Practical Applications

Immediate Applications

Below are concrete, deployable use cases that can be implemented with the paper’s released models, verifiable synthesis engine, and sandbox infrastructure.

  • Computer-use RPA with error recovery [Software, Finance, E-commerce, Operations] Tools/products/workflows: Replace brittle GUI scripts with an EvoCUA-based agent that executes long-horizon desktop workflows (e.g., Excel report generation, PDF processing, data consolidation across apps) and self-recovers via reflection and step-level correction. Integrate “pass@k” dynamic retries for boundary tasks. Assumptions/dependencies: Agents operate within hardened sandboxes; validators exist for critical tasks; human-in-the-loop for exceptions; Linux-first images or equivalent calibrated images for target OS/apps.
  • Autonomous desktop QA/regression testing [Software/QA] Tools/products/workflows: Use the verifiable synthesis engine to auto-generate test tasks and executable validators for desktop apps; run at scale in the QEMU-KVM sandbox via CI pipelines to detect regressions (layout/rendering/keyboard mapping). Add step-level denoising to reduce flakiness. Assumptions/dependencies: Access to app images, fonts, and deterministic rendering; validator authoring for product-specific success criteria; compute for thousands of parallel runs.
  • Back-office operations automation (reports, reconciliations, bulk edits) [Finance, E-commerce, Logistics] Tools/products/workflows: Configure role/capability/resource templates (e.g., monthly P&L, price updates, order reconciliation). Validate outcomes with domain-specific evaluator libraries (e.g., numbers match, files generated). Assumptions/dependencies: Clear ground-truth definitions; safe credentials handling; scoped privileges; change management to handle UI updates.
  • IT service desk and configuration tasks [IT/Ops] Tools/products/workflows: Automate GUI-based provisioning (install apps, set proxies, configure fonts, apply patches), using control primitives (wait/terminate) to handle asynchronous UI and validators to confirm successful configuration. Assumptions/dependencies: Sandbox images mirror production; validator checks for system state; guardrails for privileged operations.
  • Secure agent testing and red-teaming at scale [Security, Platform Engineering] Tools/products/workflows: Use the hybrid virtualization (QEMU-in-Docker) to safely execute untrusted agent behavior, collect failure trajectories, and apply step-level DPO to harden policies against prompt-injection and UI traps. Assumptions/dependencies: Strict kernel-level isolation; audit logging; curated adversarial tasks with executable checks.
  • Internal benchmarking and skills tracking for GUI agents [Software, MLOps] Tools/products/workflows: Adopt “generation-as-validation” to build an internal, evolving benchmark tied to app versions and business workflows; monitor agent success rates and compute-adjust budgets to focus on weak skills.
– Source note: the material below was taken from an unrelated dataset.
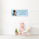 Bandeau bleu prince baby shower vintage, élégante et personnalisée. Une belle illustration vintage d'un garçon afro-américain adorable et mignon avec une couche bleue stylée et une couronne d'or. Il parle sur un vieux téléphone rouge rétro vous disant qu'il est en route ! Il tient une petite valise bleue et son ours en peluche excentrique se penche dessus - il est tout emballé et prêt pour son arrivée ! L'arrière - plan est une jolie bordure motif aux chevrons bleus et blancs et un texte personnalisable gris. Si vous avez besoin d'aide pour customiser votre produit, veuillez me contacter par l'intermédiaire de mon magasin et je serai heureux de vous aider. J'ai des produits correspondants dans mon magasin.

Assumptions/dependencies: Taxonomy of atomic capabilities; evaluator decontamination; continuous synthesis to avoid benchmark overfitting.
  • AgentOps for reliability engineering [Software/MLOps] Tools/products/workflows: Deploy a monitoring layer that identifies Critical Forking Points, surfaces reflection events, and auto-generates preference pairs for DPO-based hotfixes; continuously update a rolling “experience pool.” Assumptions/dependencies: Storage and governance for trajectory logs; reference selection or synthesis for chosen/rejected pairs.
  • Accessibility co-pilot for repetitive GUI tasks [Healthcare, Public Sector, Consumer] Tools/products/workflows: Natural-language-triggered sequences that automate multi-step GUI actions (form filling, file management, batch renaming) with visual self-check before termination. Assumptions/dependencies: Reliability threshold acceptable to users (human confirmation for high-stakes actions); privacy constraints for on-device data.
  • Education and training labs for HCI/RL/ML systems [Academia, EdTech] Tools/products/workflows: Course labs that synthesize tasks plus validators; students compare imitation vs. experience learning; scale asynchronous sandboxes for class cohorts. Assumptions/dependencies: Institutional compute; curated task suites; safe environment images.
  • Synthetic data generation pipeline for GUI agent training [Software, Research] Tools/products/workflows: Use dual-stream synthesis to produce large, grounded datasets with executable validators; tri-fold decontamination to prevent leakage; publish as internal corpora for model post-training. Assumptions/dependencies: VLM-based task architect; evaluator tool libraries; QA protocol (consistency checks, manual spot audits).
  • UI compatibility and rendering calibration in CI [Software/QA] Tools/products/workflows: Apply font injection and HID mapping calibration to ensure cross-environment consistency; gate releases on validator-verified UI fidelity (e.g., office doc rendering). Assumptions/dependencies: Access to proprietary fonts; deterministic OS builds; baseline screenshots/validators.
  • Vendor-agnostic “GUI Gym” as a managed service [Cloud, Platform] Tools/products/workflows: Offer a sandbox farm that boots tens of thousands of sessions/min; expose APIs for rollouts, validators, pass@k orchestration, and logs; support customers’ internal agent training/evaluation. Assumptions/dependencies: Multi-tenant isolation; quota controls; cost monitoring; SLAs.

Long-Term Applications

The following opportunities require further research, scaling, safety work, or ecosystem development before broad deployment.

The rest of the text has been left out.